Le soir du jour des épreuves écrites, le candidat bachelier se couche avec la conviction d’avoir fait une version très médiocre et de ne pas avoir trouvé la solution juste de ses problèmes. Le lendemain matin, à son réveil, une lâcheté le prend. Pourquoi ne pas rester bien chaudement dans son lit, au lieu de risquer une course inutile ? Il se décide pourtant à se lever, va à tout hasard à la Sorbonne, consulte la liste des candidats « reçus à l’écrit : » quel n’est pas son étonnement de se voir le second sur cette liste ! Il n’a donc plus qu’à soutenir l’épreuve orale, une bagatelle. Son tour arrive. D’abord, la partie scientifique : superbe ! Physique et chimie, histoire naturelle : très bien ! Mathématiques pures, algèbre et trigonométrie : bien ! Boules blanches sur boules blanches ! Déjà le succès de l’examen est hors de doute. Ce ne peut plus être qu’une question de « mention. » Zola adresse un clignement d’œil à un camarade, qui se lève, quitte la salle d’examen, et court annoncer le triomphe à la mère. Enfin, il arrive devant le dernier professeur, chargé, celui-ci, d’interroger sur les langues vivantes et sur la littérature.

— Voyons ! d’abord, un peu d’histoire, dit l’examinateur… Veuillez me dire, monsieur, la date de la mort de Charlemagne.

Zola, visiblement troublé, hésite, et finit par balbutier une date. Il ne se trompait que de cinq cents ans. Il faisait mourir Charlemagne, sous le règne de François ier.

— Passons à la littérature, dit sèchement le professeur.

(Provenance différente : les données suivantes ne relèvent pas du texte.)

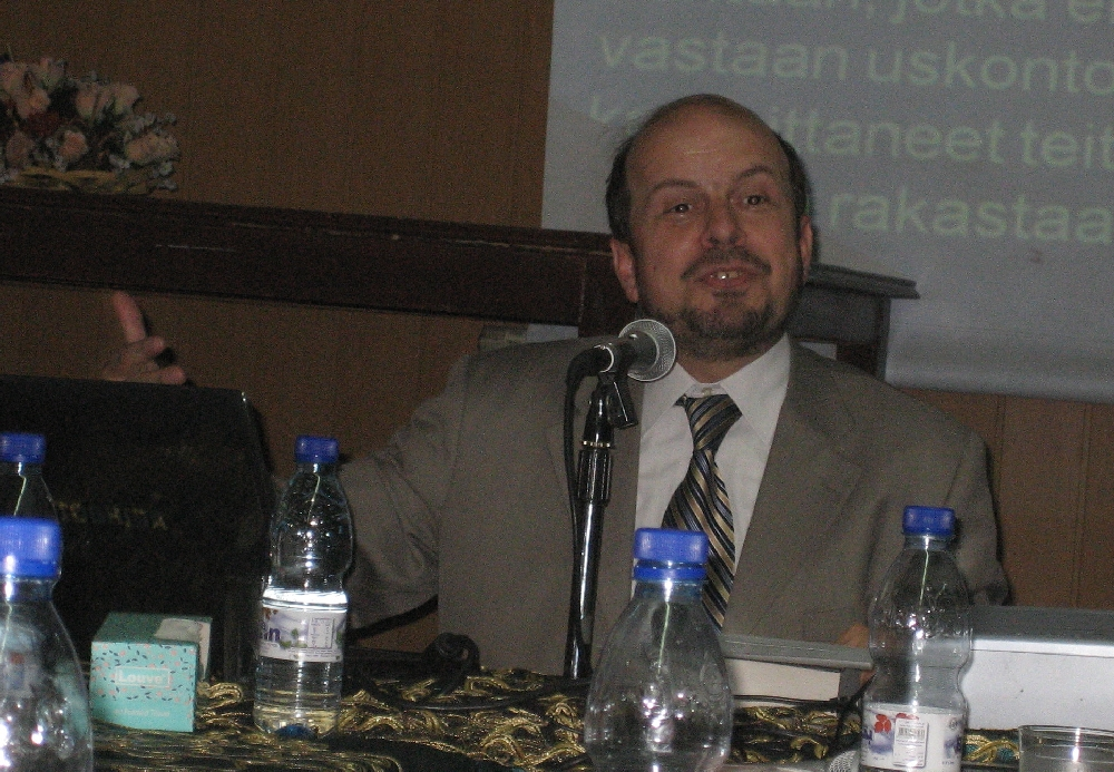 Dr. Mohammad Al-Habash giving a lecture at the Islamic Studies Center in Damascus, Syria

Et il lui demande l’explication d’une fable de La Fontaine. Ce professeur et Zola ne pensaient sans doute pas de même en littérature, car le premier ouvrait des yeux de plus en plus irrités, à mesure que l’autre expliquait La Fontaine comme il le sentait, sans doute avec des vues très romantiques.

— Passons à l’allemand, dit-il de plus en plus sèchement.

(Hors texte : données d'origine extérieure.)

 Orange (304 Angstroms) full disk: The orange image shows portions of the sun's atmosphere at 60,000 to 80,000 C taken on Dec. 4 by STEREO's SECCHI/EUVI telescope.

Ici, le candidat, d’une réelle ignorance en langues vivantes, ne peut même pas lire le texte allemand. Alors, le professeur hausse les épaules.

— Cela suffit, monsieur !

L’examen oral est terminé, et, penchés à l’oreille les uns des autres, ces messieurs délibèrent. La délibération est longue. Les professeurs de sciences, encore émerveillés de la lucidité d’esprit, de la netteté de déduction du candidat, intercèdent pour lui, conjurent leur collègue de ne pas maintenir la note « nul » qui entraînait de plein droit l’ajournement. Mais leurs efforts furent vains : le professeur de belles lettres maintint la note. Que n’ai-je le temps, aujourd’hui, d’aller fouiller au fond des archives universitaires ! J’aurais voulu livrer au public le nom du héros qui, lui, tout seul, refusa au baccalauréat l’auteur des Rougon-Macquart, pour l’avoir trouvé « nul » en littérature.

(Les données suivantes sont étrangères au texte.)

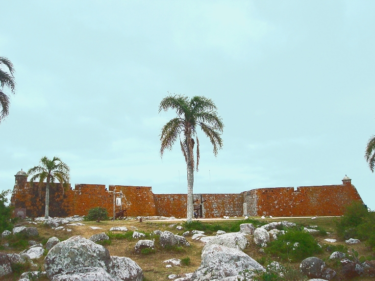 Fuerte San Miguel, 8km west of Chui, near the border with Brazil, Uruguay.

Cet échec n’empêcha pas Zola d’aller, comme l’année précédente, passer de bonnes vacances dans le Midi. Huit jours après, en blouse et en gros souliers, le carnier sur l’épaule, il courait de nouveau dans les collines avec Baille et Cézanne, à huit cents kilomètres de Paris, à mille lieues de l’Université. Cependant, les vacances écoulées, l’idée lui vint de faire un nouvel effort, de rapporter de Provence ce malencontreux morceau de parchemin qu’il n’avait pu conquérir à Paris. Il prolongea donc son séjour de quelques semaines, travailla, et se représenta à la session de novembre, à Marseille. Cette fois, lui qui, à Paris, où les classes sont plus fortes, avait été reçu le second, à « l’écrit, » ne passa même pas la première épreuve. Décidément, c’était une fatalité : il ne serait jamais diplômé ! Pas plus que, vingt ans plus tard, décoré ! De retour à Paris, il ne rentra pas au lycée. Nous sommes en novembre 1859. Le fruit sec avait vingt ans, moins quatre mois. Et, sans avoir passé comme les autres par la porte large qui, dit-on, mène à tout, il se trouvait maintenant devant la vie, en face de sévères réalités.